The accepted solution does not scale for multiple proto files. I had to come up with my own:
<build>
<plugins>
<plugin>
<artifactId>maven-antrun-plugin</artifactId>
<executions>
<execution>
<id>compile-protoc</id>
<phase>generate-sources</phase>
<configuration>
<tasks>
<mkdir dir="${generated.sourceDirectory}" />
<path id="proto.path">
<fileset dir="src/main/proto">
<include name="**/*.proto" />
</fileset>
</path>
<pathconvert pathsep=" " property="proto.files" refid="proto.path" />
<exec executable="protoc" failonerror="true">
<arg value="--java_out=${generated.sourceDirectory}" />
<arg value="-I${project.basedir}/src/main/proto" />
<arg line="${proto.files}" />
</exec>
</tasks>
</configuration>
<goals>
<goal>run</goal>
</goals>
</execution>
</executions>
</plugin>
</build>
There's also great plugin by Igor Petruk named protobuf-maven-plugin. It's in central repo now and plays nicely with eclipse (m2e-1.1 is recommended).
I just updated the maven plugin to work with 2.2.0 -- the updated pom are attached to the code review bug.
Here are the instructions to build the plugin yourself:
svn co http://protobuf.googlecode.com/svn/branches/maven-plugin/tools/maven-plugin
cd maven-plugin
wget -O pom.xml 'http://protobuf.googlecode.com/issues/attachment?aid=8860476605163151855&name=pom.xml'
mvn install
You can then use the maven config above.
I just tried a less official but very recent (v 0.1.7) fork from https://github.com/dtrott/maven-protoc-plugin and it worked very well, courtesy of David Trott. I tested it with a couple of Maven modules one of which contained DTO-style messages and the other a service depending on them. I borrowed the plugin configuration MaxA posted on Oct 16 '09, I had protoc on my PATH and I added
<temporaryProtoFileDirectory>${basedir}/target/temp</temporaryProtoFileDirectory>
right after
<protocExecutable>protoc</protocExecutable>.
What is really nice is that all I had to do is to declare a normal dependency from the service module on the DTO module. The plugin was able to resolve proto files dependencies by finding the proto files packaged with the DTO module, extracting them to a temporary directory and using while generating code for the service. And it was smart enough not to package a second copy of the generated DTO classes with the service module.

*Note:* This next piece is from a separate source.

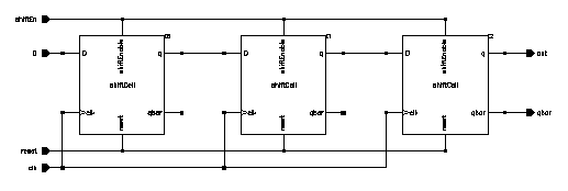 To make a large shift register, we simply connect several of these modules together. Below is a three-bit shift register and the waveforms from a simulation to confirm its behaviour.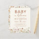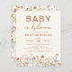 Célébrez l'arrivée d'un nouveau bébé avec une belle fête de naissance sur le thème Bébé en Fleur. Rejoignez-nous pour un après-midi rempli d'amour et de bonheur en l'honneur des futurs parents. L'invitation présente un texte terracotta - orange brûlé saisissant, accentué par un éventail de fleurs sauvages vibrantes.

There is a maven plugin for protobuf. https://www.xolstice.org/protobuf-maven-plugin/usage.html
The minimal config
<plugin>
<groupId>org.xolstice.maven.plugins</groupId>
<artifactId>protobuf-maven-plugin</artifactId>
<version>0.5.0</version>
<configuration>
<protocExecutable>/usr/local/bin/protoc</protocExecutable>
</configuration>
<executions>
<execution>
<goals>
<goal>compile</goal>
<goal>test-compile</goal>
</goals>
</execution>
</executions>
</plugin>
I think that using antrun to invoke non-Maven steps is the generally accepted solution.
You could also try the maven-exec-plugin.
I forked of the plugin from David Trott and have it compiling multiple languages which makes it a lot more useful. See the github project here and a tutorial on integrating it with a maven build here.